Speed cameras, bar hours on tap for D.C. budget vote

The full D.C. Council could give its first formal approval of expansions of traffic cameras and performance parking, and extensions of hours for alcohol sales as it takes up the city’s 2013 budget Tuesday.

Less than two months after Mayor Vincent Gray first proposed his budget, lawmakers will take the first of two votes that will culminate in the city’s spending plan for next year.

“We remain hopeful that the council will pass the mayor’s proposed budget, which does not raise taxes or fees,” mayoral spokesman Pedro Ribeiro said.

To balance the budget, Gray is counting on lawmakers to back a bundle of program cuts and initiatives to generate extra cash.
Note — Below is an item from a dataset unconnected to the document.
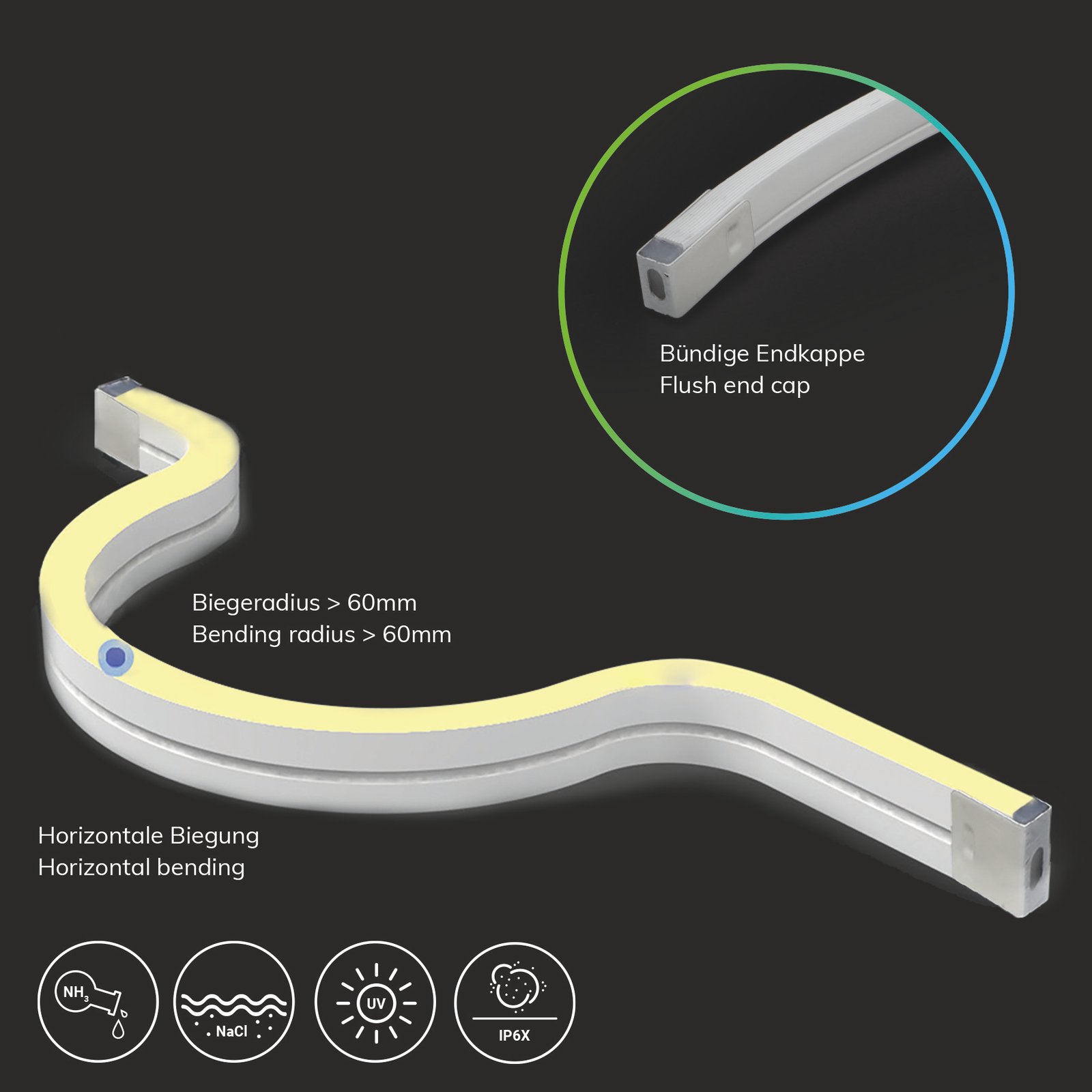 ISOLED 116299 LED NeonPRO940 Custom Flexband B04H08, 24V DC, 10W, IP67, 4000K, 5m Rolle, 180 LED/m, inkl. Clips

Although a council committee voted down Gray’s request to extend bar hours — and raise an estimated $3.2 million in the process — council Chairman Kwame Brown last week introduced a measure that would also extend sales hours, but in a more limited way.
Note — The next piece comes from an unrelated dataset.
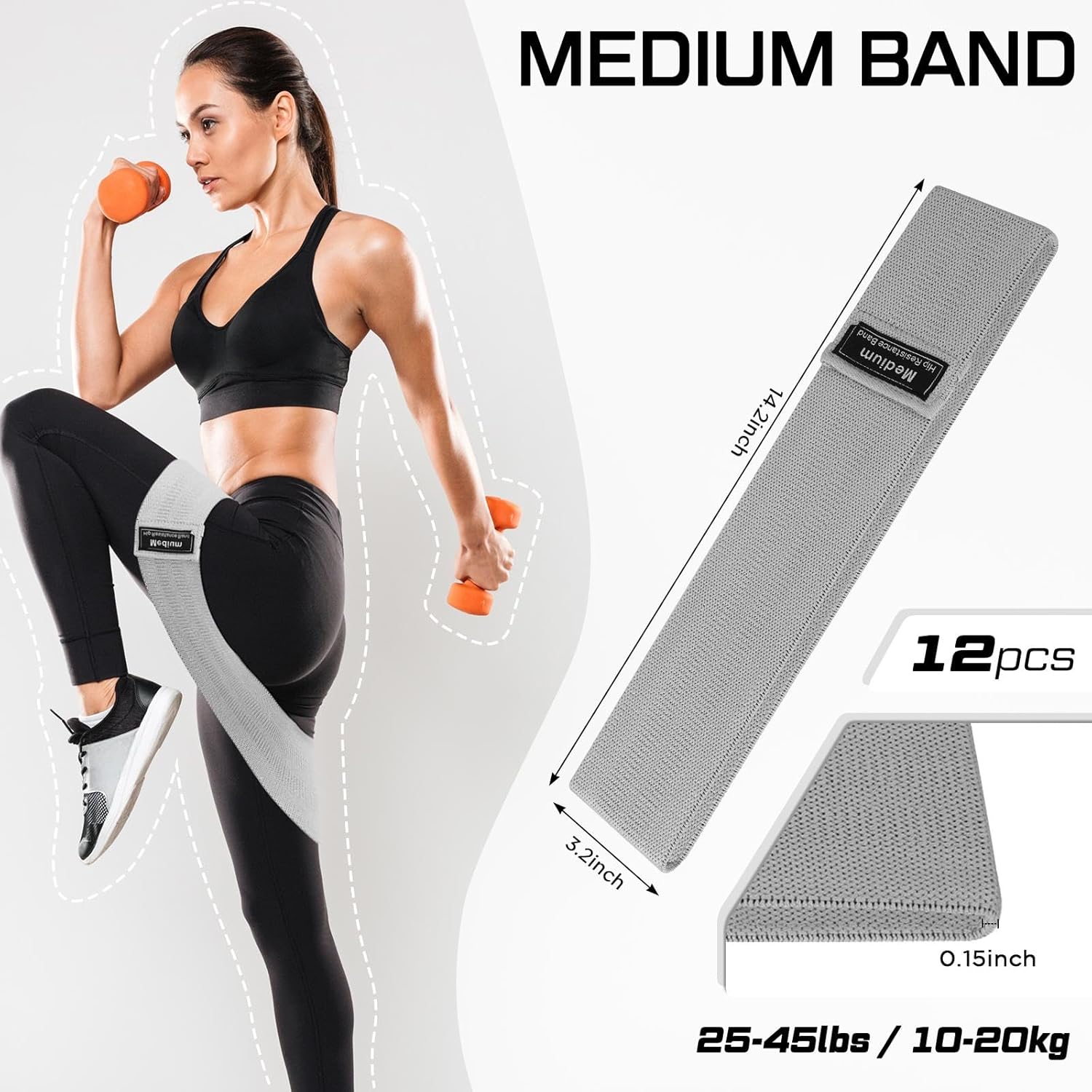 8 reviews for 12 Pcs Fabric Resistance Bands for Working Out Booty Workout Stretch Exercise Bands Non Slip for Legs Squat Resistance Loop for Women Men Starter Butt Hip Thigh Fitness

Under Brown’s plan, similar to a proposal the committee approved to expand hours during the week of the presidential inauguration, bars would be allowed to sell alcohol until 4 a.m. on all District and federal holidays. Brown’s plan would also permit sales to 4 a.m. throughout weekends surrounding New Year’s Eve, Memorial Day, Independence Day and Labor Day.
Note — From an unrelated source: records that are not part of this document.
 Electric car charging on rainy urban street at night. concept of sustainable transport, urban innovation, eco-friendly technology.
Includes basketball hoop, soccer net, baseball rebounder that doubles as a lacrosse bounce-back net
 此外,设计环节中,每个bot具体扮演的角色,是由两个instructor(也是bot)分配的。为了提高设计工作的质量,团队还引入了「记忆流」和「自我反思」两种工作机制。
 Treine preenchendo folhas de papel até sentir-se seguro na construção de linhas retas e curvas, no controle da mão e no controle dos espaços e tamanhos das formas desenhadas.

There has been limited resistance to a plan that would allow liquor stores to open two hours earlier at 7 a.m., which has been estimated to add $1 million to city coffers. Even though Brown opposes the plan, it cleared the same council committee that killed Gray’s broad extension of bar hours and could ultimately make it into the final budget package.

Lawmakers could also green-light a plan to raise $30 million by installing more traffic cameras throughout the city, part of Gray’s vision “to cover the entire city.”

Although lawmakers did not strip the proposal out of the budget in committee, legislators have signaled their concerns that the District is fining its residents too often. But if lawmakers kill the proposal, they’ll have to find a way to plug the resulting $30 million budget hole, a tall order for a council that has already loudly signaled its frustration with budget cuts to social services, Wilson Building aides said.

Gray has repeatedly said the cameras are not a means to boost revenue but are intended to improve traffic safety.

Lawmakers will also consider whether they want to approve a citywide expansion of the performance parking program that operates in Wards 1 and 6.

With performance parking, officials monitor demand for parking spaces and adjust pricing appropriately several times annually. Gray has projected the program’s expansion could bring in $3 million.